= Chris McCaughan =

American guitarist, vocalist (born 1977)

Chris McCaughan (born March 30, 1977), also known as Sundowner, is the guitarist and vocalist in the band The Lawrence Arms. McCaughan was formerly the guitarist for the bands Tricky Dick and The Broadways (the latter also featuring fellow Arms bandmate Brendan Kelly). His solo music is released under the name Sundowner.

==Career==
In 2006, Chris started writing songs for a solo project, while playing intimate shows around Chicago, and posted four demo songs on his MySpace page. Adopting the name Sundowner, he finished recording his debut solo album with the help of The Lawrence Arms drummer Neil Hennessy on bass and Jenny Choi on cello, keys and backing vocals. The record, Four One Five Two (named after his parents' house, where he did much of his songwriting), was released on Red Scare records on March 13, 2007, and features reworked versions of the popular Lawrence Arms songs "100 Resolutions" and "Boatless Booze Cruise" (retitled "My Boatless Booze Cruise"); the latter was a song originally written and sung by Lawrence Arms bandmate and bassist Brendan Kelly.

McCaughan went on tour as Sundowner with Mike Park in Feb-Mar 2008 in the UK and Europe on what was known as the "Beans On Toast" Tour, because that is all the pair could afford to eat. Asian Man Records released the second Sundowner album We Chase The Waves on August 10, 2010. Sundowner's third full-length album, Neon Fiction, was released on Fat Wreck Chords in 2013.

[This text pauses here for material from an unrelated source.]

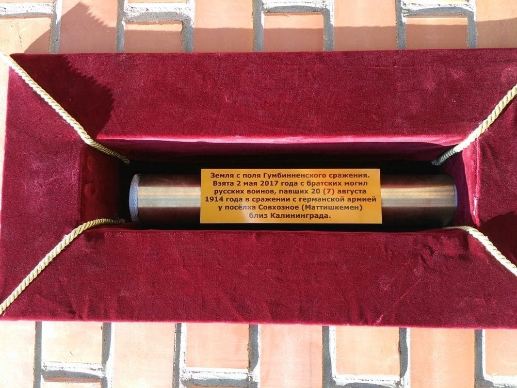 После панихиды в часовню была заложена капсула с землей из Калининградской области – с единственного на территории современной России места боев Первой мировой войны. В конце акции все желающие возложили цветы у подножия мемориальной часовни.
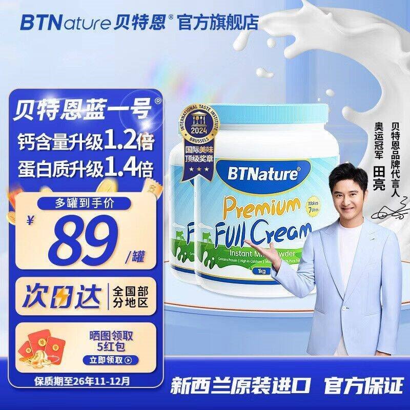 BTNature 全脂奶粉1000g*2罐

McCaughan is known to use Guild S-100 guitars and Mesa Boogie mark IV amps.

McCaughan released music under the alias, Sundowner with backing members Jenny Choi, Neil Hennessy, and Eli Caterer. His debut album, Four One Five Two, was released on Red Scare Records on March 13, 2007. Asian Man Records released the second Sundowner album We Chase the Waves on August 10, 2010. Sundowner toured with Mike Park through the UK and Europe in February and March 2008. During live shows, Sundowner is also known to cover Lawrence Arms songs. Sundowner is currently signed to Fat Wreck Chords, and his third full-length album, Neon Fiction, was released on September 3, 2013.

== Discography ==

=== Studio albums ===
- Four One Five Two (2007)
- We Chase the Waves (2010)
- Neon Fiction (2013)

=== Live albums ===
- Little Elephant Sessions (2014)

=== Compilation albums ===
- Rock Against Malaria (2009)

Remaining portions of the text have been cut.